Denver Public Schools To Split $25 Million From Bill And Melinda Gates Foundation

Denver Public Schools was awarded approximately $4 million from the Bill and Melinda Gates Foundation.

The foundation awarded a total of $25 million in education funding to be split among seven school districts in other cities nationwide that are "dedicated to bold collaboration between public charter and traditional schools."

The grant "will allow us to bring a new and innovative model of professional learning to our teachers, principals and schools," said Superintendent Tom Boasberg.

Other cities that won some portion of the $25 million were: Boston; Hartford, Conn.; New Orleans; New York; Philadelphia and Spring Branch, Texas.

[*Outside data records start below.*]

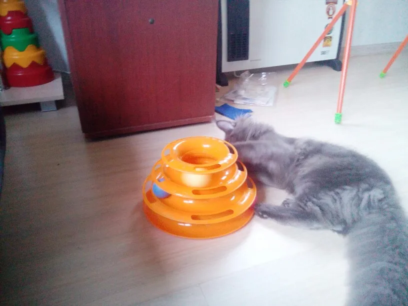 Shipping to Eagle took more than two months. tracking ended in Moscow, and half term delivery parcel lay there in the sorting. toy is delivered unassembled because of what at first thought sent something) put together is not difficult, balls are pulled out with force, tight. the cat is very happy! play together and turns)
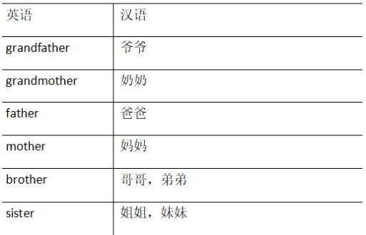 汉英常用亲属称谓词对比表
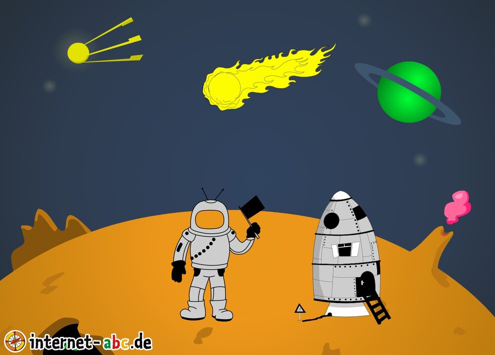 Mit der Rakete fliegen die 4 Internet-ABC-Tiere in den Weltraum. Was sie dort sehen und erleben, könnt ihr in diesem Baukasten malen und erzählen.
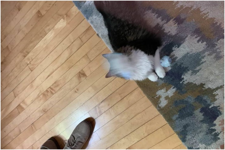 Don't even try to guess where it will land, the table, or out the window. At this point, we just wish the window was open and the cat didn't land all squished up against the glass. Now, one might call us a bit bent towards "team cats," but we love that cute portrait on the wall.
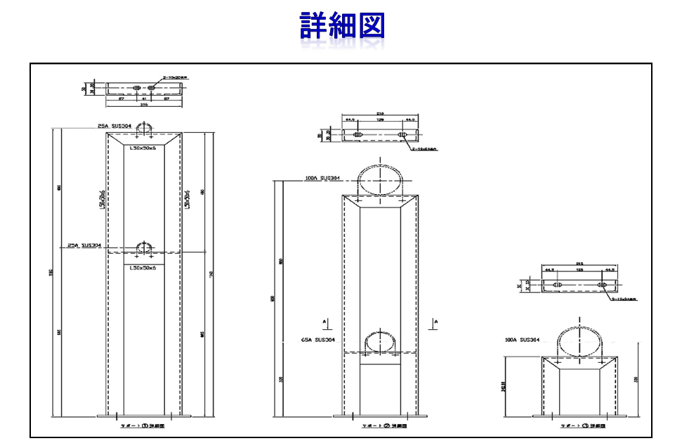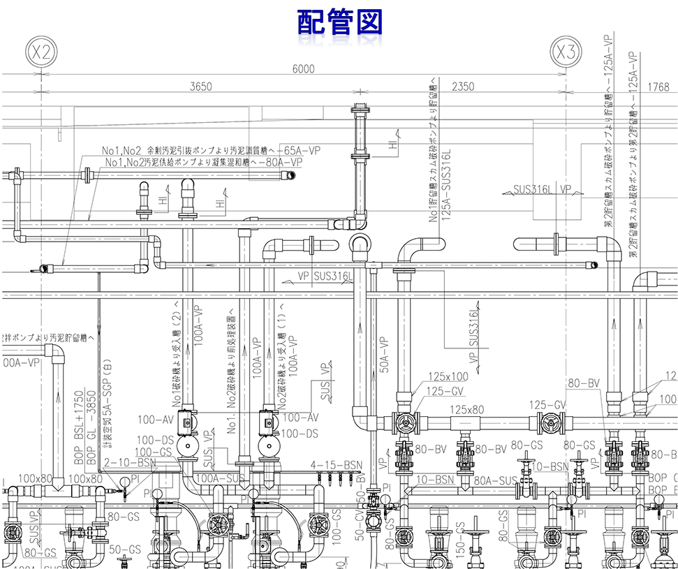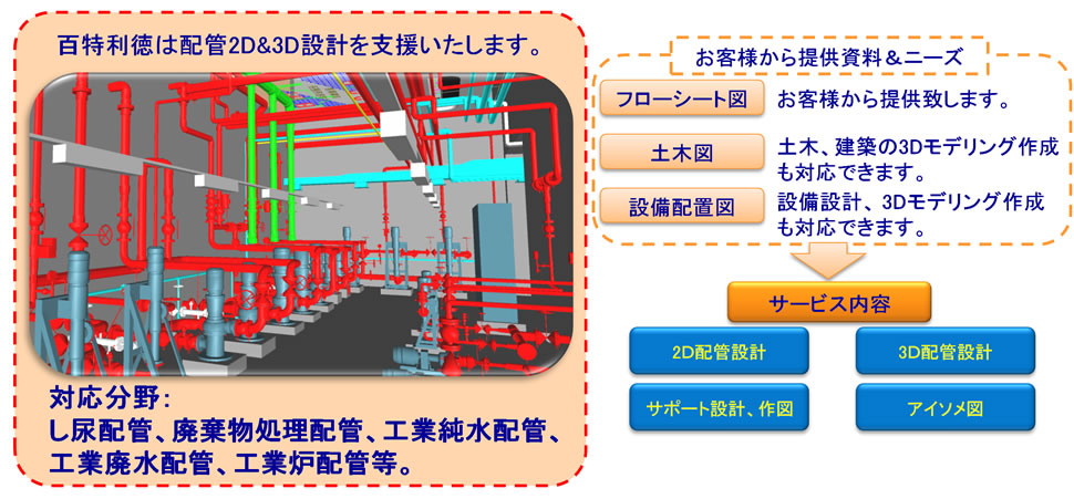 お客様から提供して頂く相関資料によって、 PLANT 3D 、 AUTOCAD 、 REVITを駆使 しながら工業配管設計、作図業務の受託サービスを提供しております。
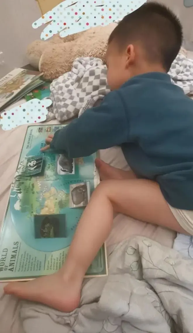 这个阶段也不求他能懂啥,能了解书是什么,能感受到妈妈很爱他,愿意和他读书聊天唱儿歌,以及阅读是一件快乐好玩的事,我就心满意足了。
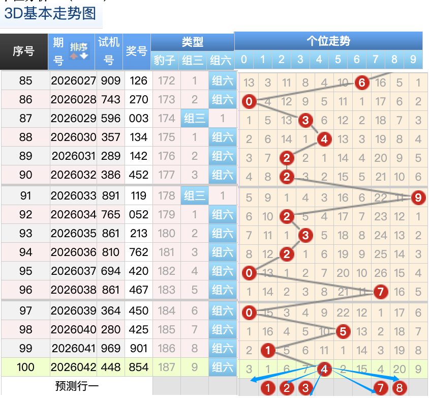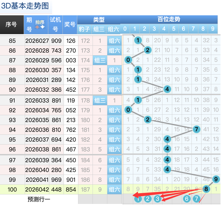 3D上期百位开出的8球,这个奖号8是一个冷码回补落位趋势也是一个比较好的符合百位上的落位点,先来看1号球这里还是有机会继续走出一个小号码落位小周期回补趋势,还有一个就是3号球这里的是一个大冷号的落位形态的概率在这里的机会还是很好的要注意防守,然后6号球这里要注意是一个冷码回补落位趋势注意防守9号球在百位上要注意可能有机会走折返的落位注意防守 。
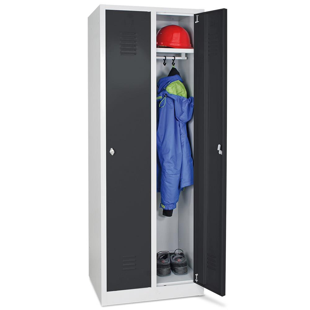 Stabiler, geschweißter Stahlblechspind, leicht und hygienisch zu reinigen. Hochwertig kunststoffbeschichtet in Farbe lichtgrau RAL 7035, Türen anthrazitgrau RAL 7016. Aus gekantetem und fest verschweißtem Stahlblech. Türen mit integrierter Verstärkung, innenliegenden Scharnieren, Lüftungsschlitzen und Drehriegelverschluss für Vorhängeschlösser. Je Abteil mit Hutboden, Kleiderstange und 2 Schiebehaken. Optional mit Schrägdachaufsatz, Sitzbankuntergestell und unterschraubbaren Schrankfüßen.

The cities were part of a group of 16 that signed District-Charter Collaboration Compacts, an initiative designed to incentivize collaboration between charter and public schools.

"The goal is to support these communities in significantly boosting the number of students enrolled in high-performing schools. These cities understand that opening the lines of communication and sharing best practices across schools are an effective way to do that," said Vicki Phillips, director of education, College Ready, Bill & Melinda Gates Foundation in a statement. "They have moved beyond the question of whether charters or district schools are better and are working together to benefit all students in these communities. These cities serve as models for what collaboration can do, and we applaud these local leaders for their commitment to advancing college readiness."

Over the next three years, Hartford will receive $5 million, Denver about $4 million and the other cities will receive $2-$3 million each.

Earlier this year, in August, the Gates Foundation awarded a $780,000 grant to CU-Boulder researchers for a "Reinvent the Toilet Challenge."